In the case of pregnant women, the doctor may also order an oral glucose tolerance test.
However, doctors can order other tests when diabetes mellitus is not the cause or is not the only cause of an individual’s symptoms. These tests include:
- Control of vasopressin levels.
- Checking the levels of sodium and potassium in the blood.
- An examination of liquid deprivation.
It should be kept in mind that some medications can cause or add polydipsia and polyuria. Here, it is vital to communicate with the doctor on duty to make discarding corresponding to the origin of the disease.
In another sense, we must know that diagnosing psychogenic polydipsia can be difficult. And this means that both the caregivers and the family or friends must monitor all the fluids a person drinks.
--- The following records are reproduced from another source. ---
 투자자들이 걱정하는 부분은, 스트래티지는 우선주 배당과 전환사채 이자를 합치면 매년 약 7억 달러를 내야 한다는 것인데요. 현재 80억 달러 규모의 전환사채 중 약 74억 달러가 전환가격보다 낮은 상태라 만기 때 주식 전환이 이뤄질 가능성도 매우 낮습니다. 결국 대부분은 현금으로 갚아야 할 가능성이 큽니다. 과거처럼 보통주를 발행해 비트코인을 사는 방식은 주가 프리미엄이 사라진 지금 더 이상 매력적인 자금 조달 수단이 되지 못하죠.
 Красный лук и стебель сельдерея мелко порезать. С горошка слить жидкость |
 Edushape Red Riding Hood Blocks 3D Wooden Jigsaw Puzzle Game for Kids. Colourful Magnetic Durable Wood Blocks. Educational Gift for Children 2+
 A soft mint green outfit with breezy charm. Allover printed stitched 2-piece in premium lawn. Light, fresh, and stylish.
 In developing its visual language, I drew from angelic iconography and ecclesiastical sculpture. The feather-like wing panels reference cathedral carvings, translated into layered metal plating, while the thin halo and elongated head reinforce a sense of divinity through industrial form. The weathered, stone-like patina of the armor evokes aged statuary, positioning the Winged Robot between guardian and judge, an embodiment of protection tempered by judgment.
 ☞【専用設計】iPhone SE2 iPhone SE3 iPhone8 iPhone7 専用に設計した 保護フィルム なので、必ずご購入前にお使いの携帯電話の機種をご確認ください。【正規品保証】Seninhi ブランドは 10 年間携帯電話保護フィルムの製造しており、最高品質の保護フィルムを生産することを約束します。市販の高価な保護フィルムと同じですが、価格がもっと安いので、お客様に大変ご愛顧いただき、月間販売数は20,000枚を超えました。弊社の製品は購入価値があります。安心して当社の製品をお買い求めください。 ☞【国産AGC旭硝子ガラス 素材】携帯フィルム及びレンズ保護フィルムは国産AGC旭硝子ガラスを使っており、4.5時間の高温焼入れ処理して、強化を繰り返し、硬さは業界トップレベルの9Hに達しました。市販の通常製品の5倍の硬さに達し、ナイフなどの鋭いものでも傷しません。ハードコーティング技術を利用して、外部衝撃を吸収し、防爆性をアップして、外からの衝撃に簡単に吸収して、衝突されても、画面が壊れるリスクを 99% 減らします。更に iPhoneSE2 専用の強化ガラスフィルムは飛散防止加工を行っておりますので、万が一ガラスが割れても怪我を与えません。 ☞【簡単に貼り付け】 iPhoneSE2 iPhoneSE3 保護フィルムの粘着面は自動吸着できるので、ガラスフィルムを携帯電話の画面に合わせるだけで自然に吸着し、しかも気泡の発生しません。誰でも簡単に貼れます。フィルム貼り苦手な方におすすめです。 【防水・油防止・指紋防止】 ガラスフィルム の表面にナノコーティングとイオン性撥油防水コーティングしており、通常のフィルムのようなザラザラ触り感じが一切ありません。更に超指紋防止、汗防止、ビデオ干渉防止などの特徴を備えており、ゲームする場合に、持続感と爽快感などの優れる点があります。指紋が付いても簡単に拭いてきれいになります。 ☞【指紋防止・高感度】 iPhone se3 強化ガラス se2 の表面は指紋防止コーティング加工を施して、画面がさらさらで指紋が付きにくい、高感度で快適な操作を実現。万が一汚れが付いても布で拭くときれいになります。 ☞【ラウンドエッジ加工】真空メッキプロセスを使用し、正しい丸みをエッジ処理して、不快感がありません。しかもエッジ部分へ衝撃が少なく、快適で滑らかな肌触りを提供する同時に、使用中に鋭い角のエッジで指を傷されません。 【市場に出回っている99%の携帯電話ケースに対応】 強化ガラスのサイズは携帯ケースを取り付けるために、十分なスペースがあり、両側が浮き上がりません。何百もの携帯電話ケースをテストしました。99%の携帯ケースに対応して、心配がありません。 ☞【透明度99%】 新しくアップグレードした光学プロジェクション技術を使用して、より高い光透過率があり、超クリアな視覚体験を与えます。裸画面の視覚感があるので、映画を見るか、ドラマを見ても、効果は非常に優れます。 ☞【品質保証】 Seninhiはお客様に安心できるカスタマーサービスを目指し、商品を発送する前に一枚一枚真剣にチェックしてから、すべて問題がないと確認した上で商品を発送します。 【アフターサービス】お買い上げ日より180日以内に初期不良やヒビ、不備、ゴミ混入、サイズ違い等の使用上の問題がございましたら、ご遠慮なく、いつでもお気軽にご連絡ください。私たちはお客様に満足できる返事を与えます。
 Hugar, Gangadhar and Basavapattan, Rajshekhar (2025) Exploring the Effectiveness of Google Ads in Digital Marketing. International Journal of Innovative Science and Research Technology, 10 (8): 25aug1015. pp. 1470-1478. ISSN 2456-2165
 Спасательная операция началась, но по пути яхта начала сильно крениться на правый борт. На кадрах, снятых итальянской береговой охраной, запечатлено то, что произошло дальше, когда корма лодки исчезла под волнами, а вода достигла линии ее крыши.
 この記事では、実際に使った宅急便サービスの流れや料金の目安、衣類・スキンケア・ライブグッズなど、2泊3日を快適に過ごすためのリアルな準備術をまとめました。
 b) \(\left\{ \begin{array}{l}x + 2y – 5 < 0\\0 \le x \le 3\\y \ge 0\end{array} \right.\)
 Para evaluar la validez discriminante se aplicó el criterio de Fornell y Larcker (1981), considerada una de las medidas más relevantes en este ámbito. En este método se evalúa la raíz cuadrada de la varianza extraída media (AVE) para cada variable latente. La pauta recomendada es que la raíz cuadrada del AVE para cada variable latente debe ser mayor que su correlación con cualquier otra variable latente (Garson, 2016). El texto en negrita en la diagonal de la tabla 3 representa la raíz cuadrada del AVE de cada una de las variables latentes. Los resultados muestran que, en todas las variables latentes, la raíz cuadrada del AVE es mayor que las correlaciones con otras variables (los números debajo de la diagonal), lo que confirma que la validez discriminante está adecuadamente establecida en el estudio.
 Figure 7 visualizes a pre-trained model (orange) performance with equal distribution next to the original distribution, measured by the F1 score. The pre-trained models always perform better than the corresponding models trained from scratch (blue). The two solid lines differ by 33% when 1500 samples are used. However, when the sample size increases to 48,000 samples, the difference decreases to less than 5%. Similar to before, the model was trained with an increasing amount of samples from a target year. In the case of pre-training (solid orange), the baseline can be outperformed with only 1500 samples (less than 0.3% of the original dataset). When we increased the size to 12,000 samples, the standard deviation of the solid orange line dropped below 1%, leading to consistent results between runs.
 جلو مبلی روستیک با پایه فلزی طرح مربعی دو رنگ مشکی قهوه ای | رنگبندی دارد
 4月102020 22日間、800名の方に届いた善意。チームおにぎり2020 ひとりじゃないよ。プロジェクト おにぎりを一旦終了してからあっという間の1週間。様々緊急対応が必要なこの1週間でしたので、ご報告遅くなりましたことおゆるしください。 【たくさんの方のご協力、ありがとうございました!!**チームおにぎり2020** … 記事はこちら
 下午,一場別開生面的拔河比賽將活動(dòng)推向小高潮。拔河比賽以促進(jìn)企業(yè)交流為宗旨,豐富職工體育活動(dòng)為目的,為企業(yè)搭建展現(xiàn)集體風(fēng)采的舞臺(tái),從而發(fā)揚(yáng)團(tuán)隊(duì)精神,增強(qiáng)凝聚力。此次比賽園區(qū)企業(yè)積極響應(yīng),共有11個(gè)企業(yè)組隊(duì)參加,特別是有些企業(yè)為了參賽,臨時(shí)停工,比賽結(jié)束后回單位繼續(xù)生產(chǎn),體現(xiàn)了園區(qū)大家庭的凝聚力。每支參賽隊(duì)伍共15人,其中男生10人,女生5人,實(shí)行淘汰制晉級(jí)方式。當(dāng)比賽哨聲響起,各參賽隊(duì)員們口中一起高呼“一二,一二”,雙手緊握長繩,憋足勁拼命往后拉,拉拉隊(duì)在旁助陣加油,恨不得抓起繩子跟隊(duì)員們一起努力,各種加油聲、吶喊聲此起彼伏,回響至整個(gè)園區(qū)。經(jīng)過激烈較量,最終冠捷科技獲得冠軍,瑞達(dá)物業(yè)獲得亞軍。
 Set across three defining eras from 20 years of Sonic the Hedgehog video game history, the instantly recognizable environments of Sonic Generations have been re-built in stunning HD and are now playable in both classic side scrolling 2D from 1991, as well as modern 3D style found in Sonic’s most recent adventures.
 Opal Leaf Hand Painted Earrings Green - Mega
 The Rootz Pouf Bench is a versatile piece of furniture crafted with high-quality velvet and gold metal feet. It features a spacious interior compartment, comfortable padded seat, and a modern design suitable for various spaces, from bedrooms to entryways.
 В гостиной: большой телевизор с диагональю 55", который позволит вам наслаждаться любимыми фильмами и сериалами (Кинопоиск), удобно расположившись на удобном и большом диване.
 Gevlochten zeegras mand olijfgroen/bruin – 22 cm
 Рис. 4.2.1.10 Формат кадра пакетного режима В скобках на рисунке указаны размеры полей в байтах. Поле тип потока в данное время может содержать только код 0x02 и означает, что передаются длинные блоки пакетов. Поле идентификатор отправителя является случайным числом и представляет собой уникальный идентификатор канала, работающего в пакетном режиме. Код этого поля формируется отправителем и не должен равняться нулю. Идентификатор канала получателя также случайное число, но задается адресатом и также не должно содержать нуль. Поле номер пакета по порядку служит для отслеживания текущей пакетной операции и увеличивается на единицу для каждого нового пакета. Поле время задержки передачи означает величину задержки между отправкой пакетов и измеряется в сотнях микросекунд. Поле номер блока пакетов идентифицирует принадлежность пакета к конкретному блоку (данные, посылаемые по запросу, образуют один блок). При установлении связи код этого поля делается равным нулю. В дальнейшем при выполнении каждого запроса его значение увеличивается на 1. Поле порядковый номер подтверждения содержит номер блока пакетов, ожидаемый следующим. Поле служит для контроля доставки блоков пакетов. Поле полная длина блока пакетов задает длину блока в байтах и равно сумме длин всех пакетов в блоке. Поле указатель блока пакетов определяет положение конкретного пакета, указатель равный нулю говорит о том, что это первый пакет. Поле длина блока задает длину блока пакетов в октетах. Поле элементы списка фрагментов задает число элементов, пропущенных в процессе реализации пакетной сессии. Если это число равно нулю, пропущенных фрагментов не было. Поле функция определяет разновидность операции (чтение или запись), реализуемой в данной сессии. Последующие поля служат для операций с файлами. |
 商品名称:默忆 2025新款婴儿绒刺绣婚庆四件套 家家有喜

Liquids can be more than water since they could include drinks such as juice, coffee, soft drinks, and even syrups.
Then finally, it is essential that as soon as the symptoms of this condition appear, go to your doctor to do the respective tests and look for a cure.
Polydipsia is not a disease but often a symptom of an underlying medical condition. It is mainly associated with diabetes mellitus. Polydipsia is also often associated with polyuria, and directly diagnosing the situation is quite tricky.
Research or direct diagnosis of diabetes mellitus can help diagnose polydipsia. The differential diagnosis turned out to be helpful in the diagnosis of polydipsia to isolate it from different related disorders.
The blood serum test is also helpful in diagnosing polydipsia by evaluating the osmolality of extracellular fluids in the body.
The revelation of the decrease in serum concentration in red blood cells, blood urea nitrogen, and sodium means excessive water intake, thus polydipsia.
Treatment for polydipsia
There are numerous treatments for polydipsia since the treatment depends on the underlying cause or condition associated with the onset of polydipsia.
Desmopressin is the drug of choice for polydipsia associated with diabetes and nocturnal polydipsia. It is a synthetically produced drug that acts by replacing vasopressin and helps control polydipsia and polyuria, reducing urine production.
The treatment of psychogenic polydipsia is different from non-psychogenic polydipsia. Psychogenic polydipsia involves dietary controls and monitoring of daily weight fluctuations, including evaluating and managing damage to the urinary system based on the extent and deterioration of the functions.